Unnamed: 0,age,sex,BP,cholestrol,heart disease
0,70,1,130,322,1
1,67,0,115,564,0
2,57,1,124,261,1
3,64,1,128,263,0
4,74,0,120,269,0


In [10]:
X = df.drop('heart disease',axis=1)
# Putting response variable to y
y = df['heart disease']

In [11]:
from sklearn.model_selection import train_test_split

In [12]:
X_train, X_test, y_train, y_test = train_test_split(X, y, train_size=0.7, random_state=42)
X_train.shape, X_test.shape

((189, 4), (81, 4))

In [13]:
from sklearn.ensemble import RandomForestClassifier

In [14]:
rf=RandomForestClassifier(n_estimators=100,n_jobs=-1,max_depth=5,random_state=42,oob_score=True)

    max_depth : int, default=None
        The maximum depth of the tree.
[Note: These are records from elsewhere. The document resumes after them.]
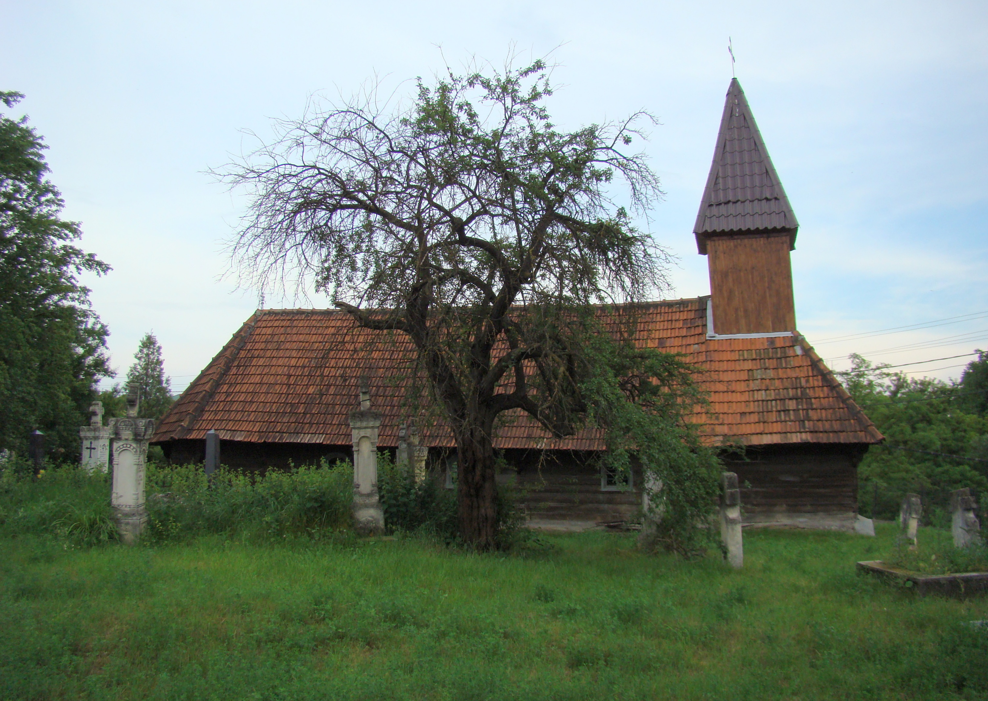 The wooden church in Sâncrai, Alba county, Romania
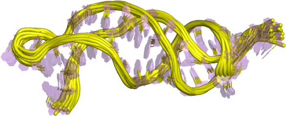 Cartoon representation of the molecular structure of protein registered with 1ymo code.
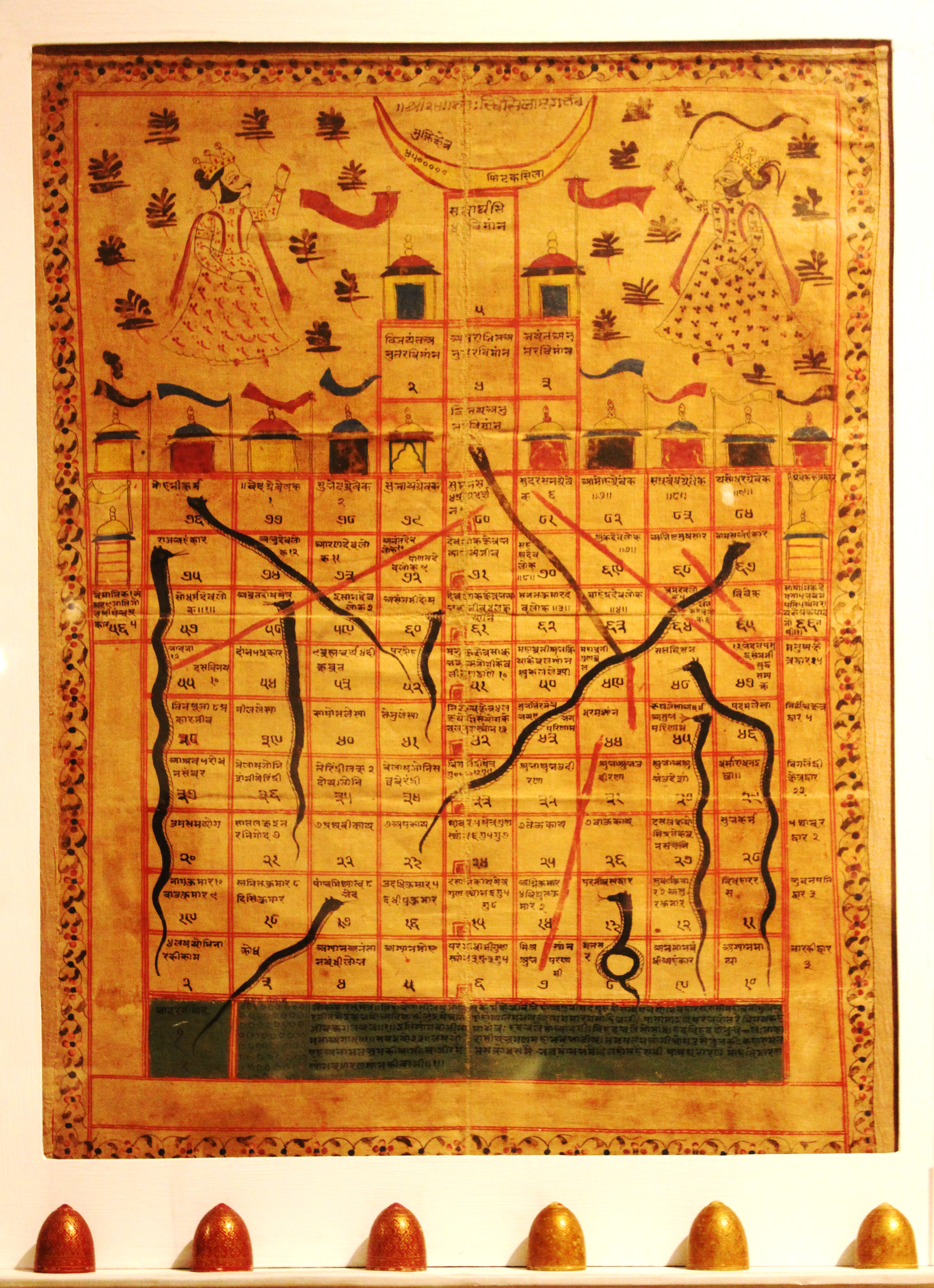 Gyan Chaupar, Late 18th Century Jain game board on cloth in the decorative arts gallery of the National Museum, India. Acc. No. 85.312

If None, then nodes are expanded until
        all leaves are pure or until all leaves contain less than
        min_samples_split samples.

In [15]:
%%time
rf.fit(X_train, y_train)

Wall time: 372 ms


RandomForestClassifier(max_depth=5, n_jobs=-1, oob_score=True, random_state=42)

In [16]:
rf.oob_score_

0.656084656084656

In [12]:
# Let’s do hyperparameter tuning for Random Forest using GridSearchCV and fit the data.

In [17]:
# make another instance of the classifier
rfc = RandomForestClassifier(random_state=42,n_jobs=-1)

In [18]:
# define a variable to store parameters listings
params={
    'max_depth':[2,3,5,10,20],
    'min_samples_leaf':[5,10,20,50,100,200],
    'n_estimators':[10,25,30,50,100,200]
}

In [19]:
# import GridsearchCV
from sklearn.model_selection import GridSearchCV

In [20]:
# make an instance of GridsearchCV
gridcv=GridSearchCV(estimator=rfc,param_grid=params,cv=4,n_jobs=-1,verbose=1,scoring='accuracy')

In [21]:
# train the data on GridsearchCV
gridcv.fit(X_train,y_train)

Fitting 4 folds for each of 180 candidates, totalling 720 fits


GridSearchCV(cv=4, estimator=RandomForestClassifier(n_jobs=-1, random_state=42),
             n_jobs=-1,
             param_grid={'max_depth': [2, 3, 5, 10, 20],
                         'min_samples_leaf': [5, 10, 20, 50, 100, 200],
                         'n_estimators': [10, 25, 30, 50, 100, 200]},
             scoring='accuracy', verbose=1)

In [20]:
gridcv.best_score_

0.6985815602836879

In [21]:
rf_best = gridcv.best_estimator_
rf_best

RandomForestClassifier(max_depth=5, min_samples_leaf=10, n_estimators=10,
                       n_jobs=-1, random_state=42)

    The above output gives the best parameters values.